The assumption that there is one true reality, and one ultimate narrative about it, is revealed by postmodern thinkers as a power-grab. The tool of imperialist cultures, autocrats, and theocratic states. Moving beyond that doesn't mean 'anything goes' relativism, it means we have to argue things out, pursuade each other of interpretations, and rely on other means to sort fact from fiction than who has a monopoly on force.

Postmodern thinkers have had a deep connection to literary criticism, analysing the works of leading thinkers celebrated in a culture, for insights that are not in plain view. You might look at this answer about postmodern thought in art criticism, for how a single perspective gives way to analysis with a toolbox of ideas: Does postmodernism in art criticism collapse into relativism? What's its merit? Far from diminishing or relativising what art is, this is about looking at how art speaks to different people, what it does to people and how. The art ceases to be isolated, interpreted for the masses by cultural high-priests, and becomes something for everyone to chew over, if they can talk interestingly, and draw out insights.

You might find this answer interesting, about modern developments in postmodern thought, in postcolonial theory: Need help with this paper on epistemic justice The totalising assumption that justice is constituted of one set of ideas known by everyone, is unpicked by thinking about epistemic justice. Access to social discourse, like art, plays, literature, films, festivals, is part of marginalised groups defining their own identity themselves, and determining their own ideas about what justice is. That's not relativism, but instead accepting that human thought is fundamentally community-led, rather than just imposed by powerful individuals - who can never be as creative and dynamic as groups, and typically just picked from options supplied by others anyway (see the history of state religions).

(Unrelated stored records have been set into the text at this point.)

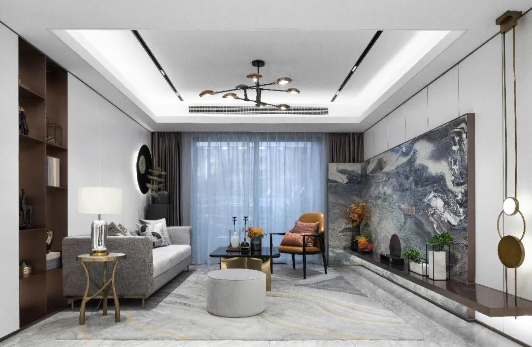 130平米的新中式三居室,硬装基调以现代***的空间感为主,在背景墙加入大面积的硬包背景墙,布置现代稳重而华丽气派的家具,营造出一种档次优雅的居住氛围。
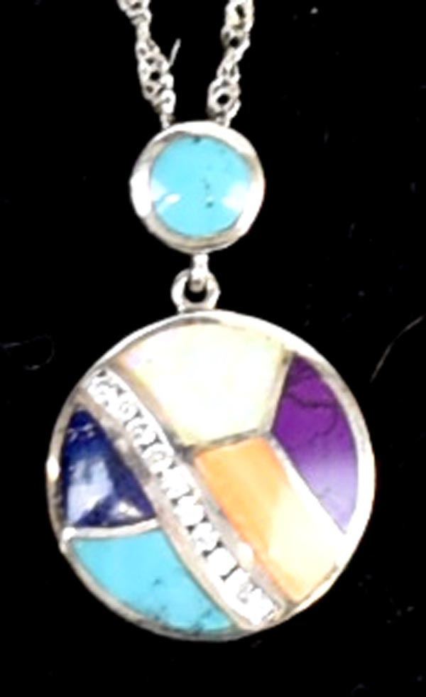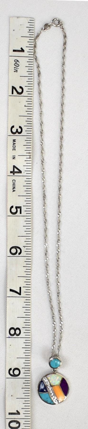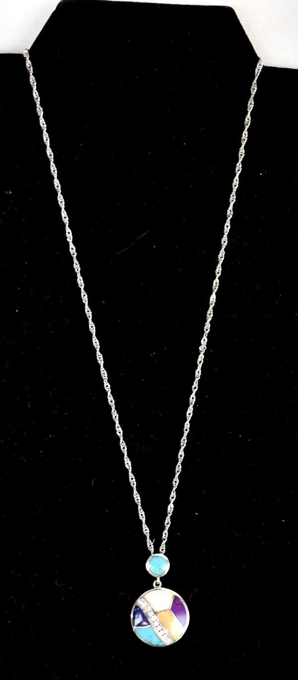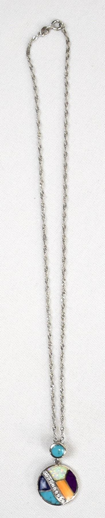 Sterling Inlay Pendant Necklace, pendant measures 1.25''L x .75''D, stamped .925 and hallmarked S*, sterling chain measures 22''L end to end and is stamped .925, inlay includes opal, turquoise, sugilite, orange shell, lapis, and rhinestones
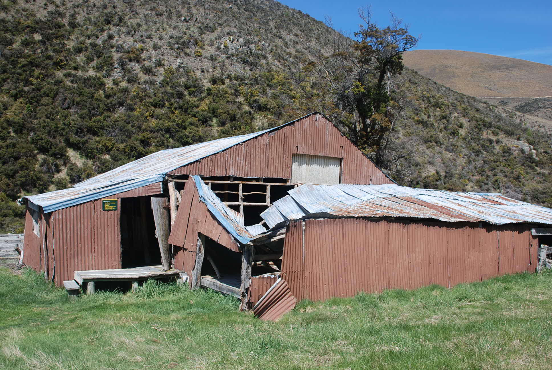 Sheep mustering on the Quailburn hills was a harsh life. Interpretation panels installed in the old woolshed detail some of the hardships endured. The woolshed is beech pole construction and was built in the 1920s. The sheep-dip lies near the shed, with the yards and race still standing.
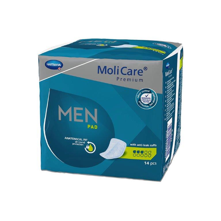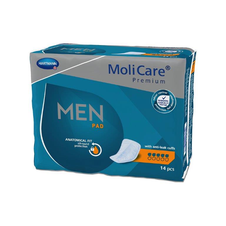 MoliCare® for Men ulošci sadrže antibakterijsku, pH neutralnu Dry Plus jezgru koja brzo i sigurno upija tekućinu te je svojim sustavom kanala ravnomjerno raspoređuje u unutrašnjosti uloška. Uložak sadrži superapsorpcijsku jezgru sa integriranim indikatorom vlažnosti, a cjelokupna je površina uloška prekrivena netkanim površinskim slojem koji štiti kožu i održava je suhom. Prednji i stražnji dijelovi uloška su posebno otporni na istjecanje tekućine. Anatomske osobine uloška pojačavaju elastični nabori u području međunožja što omogućava dodatno zadržavanje tekućine. Dodatnu diskreciju omogućava neutralizator mirisa koji pouzdano veže neugodne mirise. Dermatološki testirani ulošci se jednostavno stavljaju i mijenjaju te se mogu koristiti u u kombinaciji s donjim rubljem zahvaljujući ljepljivoj traci na donjem dijelu uloška. Za potpunu sigurnost mogu se koristiti i u kombinaciji s MoliPants® elastičnim gaćicama za fiksiranje uložaka.
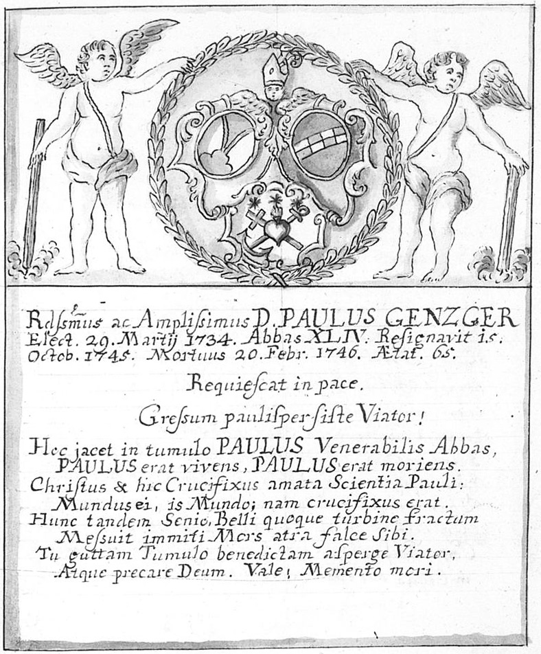 Recererdissimus Dominus Dominus Paulus, cognomento Genzger, die 29.na Martii 1734. Antecessori in Regimine canonice Successit. Vis literatus, et Musices peritissimus. Subsequo Electionis suæ anno Parochiam in Valle Vulturu /:Cui ad Sua usque tempora Sæculares Clerici præficiebantur:/ vindicare volens, per Causidicum Romæ agere cœpit, sed finem Causæ non Supervixit. plurimum pro Domo laboravit. Praxatoriam, Molendinum, Officina ac Equorum Stabula funditus errexit. Bibliothecam novis Editionibus auxit, ac Studia tum in = quam extra Monasterium multum promovit. in hoc autem ejus æconomica vigilantia excessit, Officinam Coriariam exstruendo. Vicinis et domesticis offendiculo erat: ita quidem, ut re ad altius tribunal delata, hæc ipsa officina funditus demoliri debuit. ex quo bella intrinseca cœpere, acita præval vere, ut bonum Abbatem coegerint pro servanda animarum Salute in manus Referendissimi Patris immediati Domini Domini Hieronymi de Eberach abbatie Munus libere resignare, vixit dein ut resignatus Abbas apud Thanimaturgam Virginem in Samarey tern domesticam Aministrando. sibi et fatis cessit de 20. Februaris 1746. Corpus defuncti ad gremium translatum requiescit in Cripta Sub isto depicto Marmore.

Now, I would specifically criticise Kuhn, for claiming truth cannot be separated power - if that were true cheap propaganda would win against good science. But nuclear weapons were invented, and Nazi & Imperial Japanese poor quality physics left them less fully engaged with reality, as well as defeated. I am saying this as prologue to the postmodern definition of science: Science is, what scientists do. Discussed in detail here: Philosophical assumptions underlying science It is the same shift. There is no golden tablet of ultimate axioms: science started as a community, as a culture, bound by certain aims, and is in a constant dynamic process across many fields, to refine, update, and improve, how science is done. To say then that science is consigned to being totally relative and 'anything goes', is to completely miss how science is a living culture, defined by it's participants, and ultimately if they are pursuaded to change their epistemology, or standards of statistical methods, or that replication of key studies based on small participant numbers must be replicated before being relied on, then science itself has changed.

Saying that means science can be changed arbitrarily and without limits, is to miss how society and culture work. Durkheim is invaluable in this, in showing how social cohesion comes from putting values beyond question, so you challenge the values and you challenge the culture - but in science this is an active, dynamic process of scrutiny, not a holy book that cannot be rewritten and reinterpreted.

I see the 'postmodernism is pure relativism' perspective as a view only held by people who haven't studied postmodern thinkers. Analytic philosophy has sought to model itself on mathematics and science. Continental thought has remained engaged with culture, as giving insight into human nature and reality, and personally I feel it is crucial that philosophy continue to take up that ground, working to make our lives intelligible to ourselves, not withdrawing to a playground of formal sentences in predicate logic barely of interest even to a tiny niche of academics.

Discourse, critique and pursuasion, don't undermine firm foundations for thought, they are essential to locating them.